Stage three will be in downtown Baker City, the Gold Rush Criterium. The course runs from Main to Broadway, turns at Second, turns again at Washington, runs two blocks on First Street to Valley and loops back to the start/finish line on Main at Washington Street.

Hobson said the criterium is a great opportunity for spectators to view the thin-clad racers at their competitive best. This part of the race will have the excitement of the best European races as the riders twist and turn along the pre-set course.

The final day of racing on Sunday will feature the grueling Elkhorn Road Race, approximately 109 miles up hills and through some of the most exciting scenery in Eastern Oregon. Riders will climb 4,000 feet in just 12 miles, a real challenge even for the best riders.

This race course depends on the weather, Hobson said. His first course choice is from Baker City along back roads to Haines, then west to Anthony Lakes, up and over the Elkhorn Drive National Scenic Byway. Riders will go through Granite to Sumpter and turn on Highway 7 back to Baker City.

Hobson has an alternate route, probably over Dooley Mountain, in case the road is still blocked by snow.

Sharing Baker City

Hobson said his purpose in organizing the race was not to make money.

"We are bringing people who don't know Baker City, who have never been here, but will love what Baker City has to offer and will be back," he said.

Hobson said he has invested his own money on the venture and does not expect to get it back. He has guaranteed $1,000 in primes (prize money) to the racers and has made the entry fees deliberately low to encourage entries. Individual racers can compete for only $75, with teams of four or more discounted to $65 a piece.

The final registration deadline is June 5. Hobson says he has more than 100 entries for the race already and hopes to top two hundred entries by deadline. He would dearly love to have at least one local racer entered in the stage race, but didn't have one at the time of this interview.

Applications for the race are available at Flagstaff Sports, 2101 Main St., or on-line at www.elkhornclassic.com.

He expects entries from Canada, the Bay area of California, and Boise areas and already had entries from Portland and Seattle.

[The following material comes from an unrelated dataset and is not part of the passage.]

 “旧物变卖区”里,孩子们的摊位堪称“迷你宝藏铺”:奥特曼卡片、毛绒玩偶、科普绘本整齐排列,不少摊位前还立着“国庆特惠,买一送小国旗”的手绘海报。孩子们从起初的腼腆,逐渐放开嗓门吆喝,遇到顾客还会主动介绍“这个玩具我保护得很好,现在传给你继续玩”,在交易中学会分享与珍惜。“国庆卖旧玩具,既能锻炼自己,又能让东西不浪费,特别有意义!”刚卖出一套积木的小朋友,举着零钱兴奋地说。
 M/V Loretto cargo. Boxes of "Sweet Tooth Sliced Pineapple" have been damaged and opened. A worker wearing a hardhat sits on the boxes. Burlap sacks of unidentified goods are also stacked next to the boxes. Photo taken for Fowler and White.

"I want to make this an annual event," he said. He wants to make the race attractive to a different type of rider, one who seeks the most difficult and physically challenging races. He thinks the challenge and the scenery will eventually attract the cream of the crop of North American bicycle racers.

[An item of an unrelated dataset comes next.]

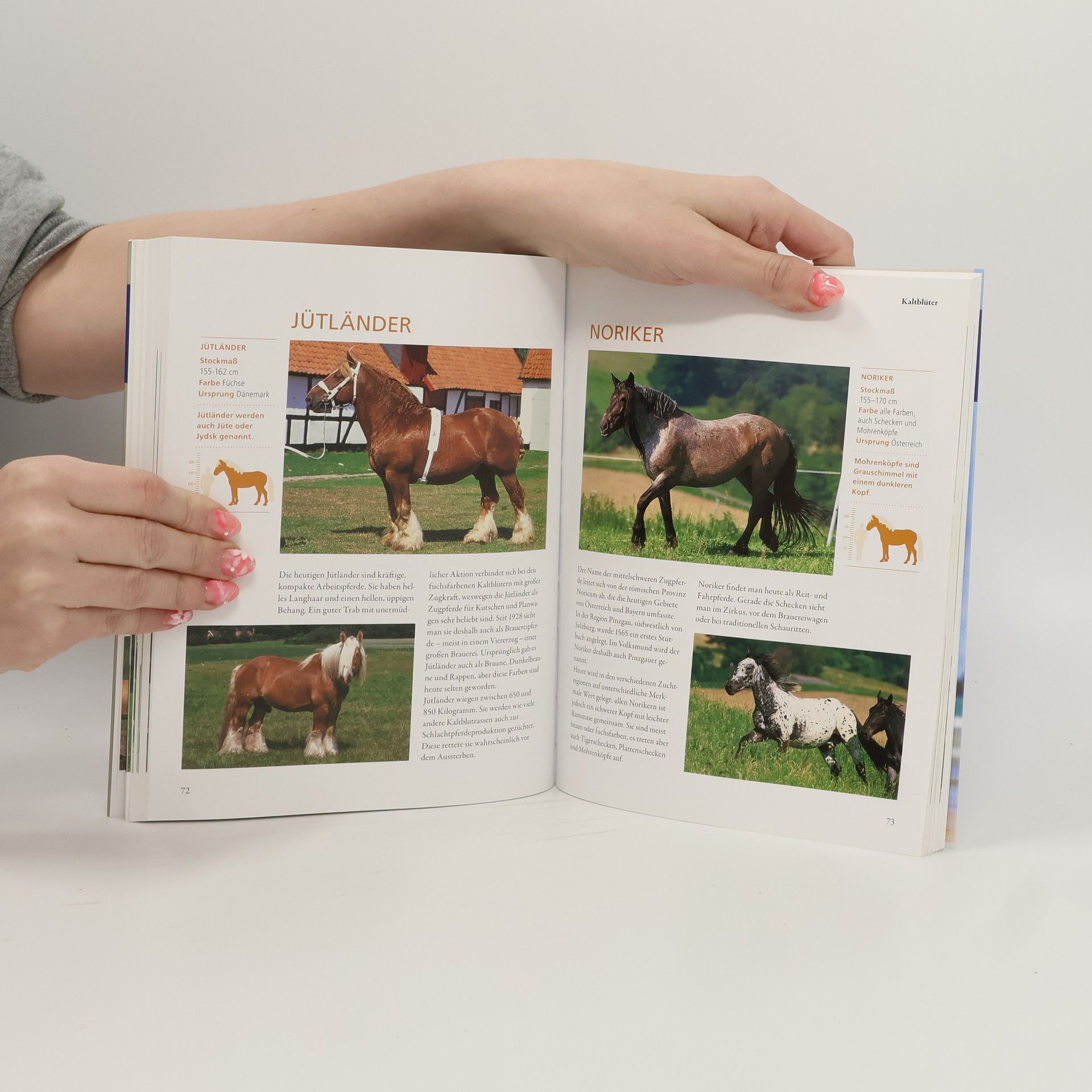 Vom Shetland Pony bis zum Shire Horse, vom Hannoveraner bis zum Andalusier – dieses kompakte Nachschlagewerk informiert kompetent über die bekanntesten und beliebtesten Pferderassen aus aller Welt. Kurzporträts mit rassetypischen Fotos und Größenskala geben einen schnellen Überblick über Herkunft, Haltung und Eignung der einzelnen Rassen. So findet jeder Reiter das Pferd, das zu ihm und seinen persönlichen Vorlieben passt.

He said that right now, the local community can help him most by contacting Betty Peacock at 523-6750 or him by email at This e-mail address is being protected from spam bots, you need JavaScript enabled to view it to volunteer to help.

Signs will be out along the roads warning drivers to beware of bicycles and volunteer drivers will be needed to lead portions of the race and follow along for support.

He has booked rooms at the Sunridge Inn and Super 8 Motels and hopes restaurants, shops, merchants and businesses in Baker City will welcome the riders and their supporters during the three day event.

He believes if the community gives the racers its usual warm and friendly welcome, they will want to come back: to race again, to visit and to enjoy the wonders of Baker County.